====== Data provided
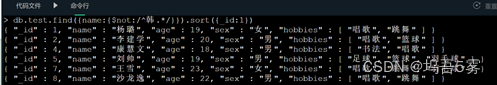 name != 韩*开头的人的信息,并按照_id升序排序;执行查询命令,查找查找
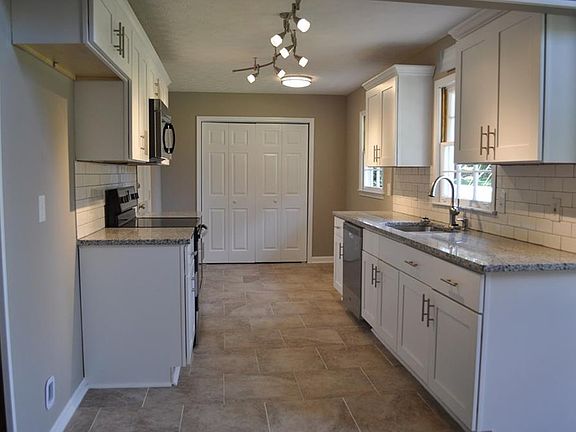Recently renovated ranch with full basement on huge lot! Home has great floor plan for entertaining with vaulted ceilings, exposed beams, floor to ceiling fireplace, AND has been completely renovated. Kitchen now offers white cabinets, granite counter tops, tile back splash, tile floors, new stainless appliances. Bathrooms are fresh and modern with custom tile showers, new vanities, & new fixtures. New carpet throughout and all major systems have been updated. All this and 2 car garage and large private back yard!
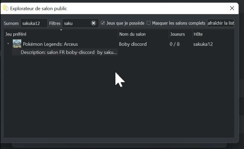 Rechercher un salon d'un membre pour y jouer
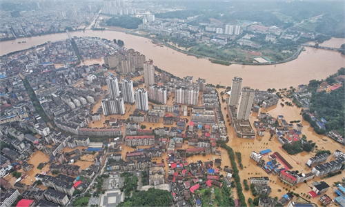 "Our media center is now under water," in a video clip released early Tuesday by the Integrated Media Center in Pingjiang county in Hunan Province that faces the worst flooding in 70 years due to heavy rains, a reporter revealed the complete inundation of the first floor of their media center, which has sparked public concerns over the county's wellness and gained a thumbs-up from many netizens for the local journalists holding fast to their positions.
============
Exercise description
What is needed is an exact repetition of every line from the line with "Recently renovated ranch" to the end of the data above, both ends included, with no pictures.

Answer to the exercise
Recently renovated ranch with full basement on huge lot! Home has great floor plan for entertaining with vaulted ceilings, exposed beams, floor to ceiling fireplace, AND has been completely renovated. Kitchen now offers white cabinets, granite counter tops, tile back splash, tile floors, new stainless appliances. Bathrooms are fresh and modern with custom tile showers, new vanities, & new fixtures. New carpet throughout and all major systems have been updated. All this and 2 car garage and large private back yard!
 Rechercher un salon d'un membre pour y jouer
 "Our media center is now under water," in a video clip released early Tuesday by the Integrated Media Center in Pingjiang county in Hunan Province that faces the worst flooding in 70 years due to heavy rains, a reporter revealed the complete inundation of the first floor of their media center, which has sparked public concerns over the county's wellness and gained a thumbs-up from many netizens for the local journalists holding fast to their positions.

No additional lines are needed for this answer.